Pesquisador do Núcleo de Inteligência Internacional da Fundação Getúlio Vargas (FGV), Leonardo Paz afirma que, em um futuro não muito distante, países que contribuem para as mudanças climáticas estarão sujeitos a sanções internacionais. O pesquisador lembra que está em análise no Congresso americano um projeto de lei nesse sentido.
“Acho improvável que esse governo faça uma reversão de sua política climática”, diz Paz. “Mas, por exemplo, se a situação começar a piorar, se começarmos a ter novos recordes de queimadas e emissões no ano que vem, uma lei como essa nos EUA pode ganhar força e acabar sendo aprovada.”
O governador do Espírito Santo, Renato Casagrande, presidente do Consórcio Brasil Verde, formado por 22 chefes de Executivos estaduais, participa de um encontro promovido pelo príncipe Charles, em Glasgow, na Escócia. Entre suas missões está apresentar o consórcio de governadores e tentar diminuir as dúvidas em relação à recém-assumida postura colaborativa do Brasil nas negociações internacionais do clima na COP 26, a conferência do clima da ONU.
As dúvidas que ele ouve de membros de delegações internacionais, gestores de fundos privados, empresários e representantes do terceiro setor são as mesmas que o governador de São Paulo, João Doria, ouviu desde antes de embarcar para o Reino Unido. “Todos estão vendo uma postura diferente do Brasil, mas todos estão vendo com desconfiança”, diz Casagrande. “Há um ceticismo em relação ao governo brasileiro.”
Antes de ir para Glasgow, Doria (que retornou quarta-feira para São Paulo) esteve em Dubai participando da Expo Dubai, um dos maiores eventos de negócios do mundo. Lá teve que responder a dúvidas de investidores estrangeiros sobre a política ambiental brasileira. “O representante de um dos maiores fundos privados do mundo, de Abu Dhabi, nos perguntou sobre isso”, afirma. “É um tema de preocupação mundial, não só de ambientalistas.”

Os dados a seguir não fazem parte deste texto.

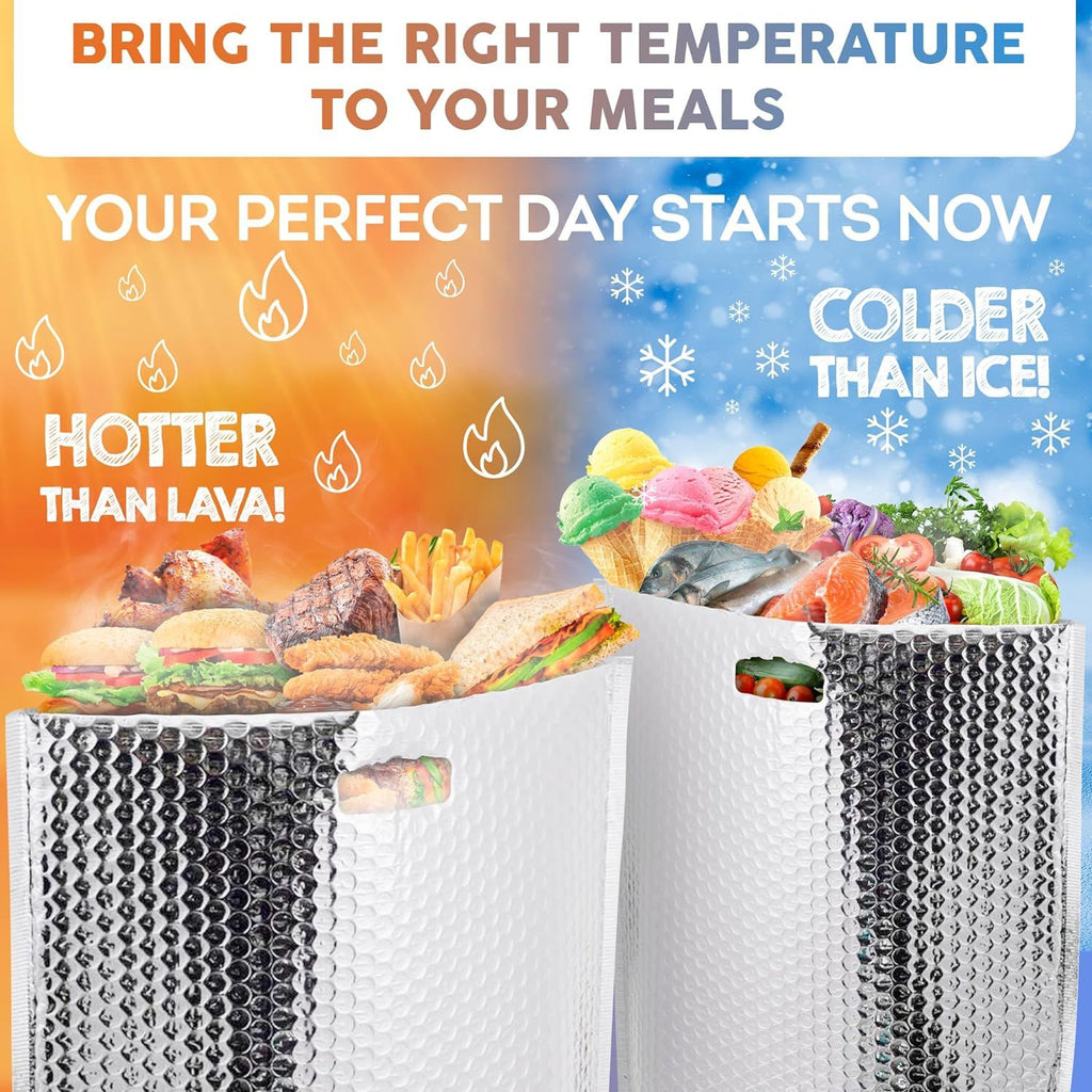 These disposable insulated food bags are designed to offer a singular; high-performance insulation unit; as opposed to dual-layered paper bag and liner combinations that are also available. Each single-use; the thermal bag comes with an integrated handhole and an easy-use adhesive tape seal; making the perfect bag for applications including delivery and transportation of hot or cold food. As well as being used as insulated food delivery bags; thermal bags can also be used for transporting other temperature-sensitive products. These insulated food bags can withstand the weight of a very large quantity of food products. Our in-house testing has indicated the bags can safely carry more than 22lbs of temperature-sensitive produce. The thermal bags are made with gusseted corners; meaning they fit neatly inside your corrugated cartons. Hot and cold food deliveries are perfect examples of uses for these Insulated Delivery Bags. Food can be loaded in seconds; whether at a takeaway or a supermarket; and sealed and sent on it's way while effectively containing the inside temperature; keeping hot food hot and cold food cold. Insulated shipping bags are suitable for shipping a wide range of products ranging from perishable food items; pharmaceuticals; dairy products; and any other temperature-sensitive product. Provides long time protection for your overnight shipments of chocolate or pharmaceuticals. Foil insulated bubble bags are recommended for protecting refrigerated; carton-sized shipments against extreme temperatures for more than 24 hours.

Na Escócia, o Brasil assumiu novos compromissos que destoam da condução da política ambiental sob a gestão Jair Bolsonaro. Em três dias anunciou que pretende cortar as emissões nacionais de gases de efeito estufa em 50% até 2030, apresentou nova meta para zerar o desmatamento e assinou o acordo para redução da quantidade de metano emitida para a atmosfera. O País foi elogiado por autoridades internacionais, como o enviado especial para o Clima do governo americano, John Kerry.
Mudança de postura é cercada de dúvidas
Os novos compromissos assumidos pelo Brasil surpreendem, mas não chegam a empolgar. “Por que não fez isso antes?”, diz Doria. “Essa descrença que gera em mim é a mesma que gera nos investidores.”
Casagrande afirma que essa mudança de postura do Brasil em relação a última edição da COP, em Madri, em 2019, também pode ser creditada a pressões internas e externas. “Nenhuma (edição) da conferência teve tanta gente do Brasil presente. Se o País não assumisse perante o mundo (uma postura diferente) ficaria numa situação delicada”, diz. “E agora que assinou os compromissos, quais são os planos?”
Ex-embaixador do Brasil no Reino Unido e nos Estados Unidos, Rubens Barbosa acha que houve uma evolução positiva da narrativa do governo sobre as questões climáticas de 2019 para cá. “Em vista dos grandes compromissos que o Brasil assumiu, inclusive nos pronunciamentos do próprio presidente, espera-se agora uma mudança na política de meio ambiente do governo, no combate aos ilícitos da Amazônia, na retirada de projetos de lei que permitem o aumento das áreas de garimpo, no aumento da fiscalização na pecuária”, afirma Barbosa. “A população deve cobrar (do presidente) que cumpra os compromissos; como falta um ano para as próximas eleições, essa cobrança pode vir nas urnas.”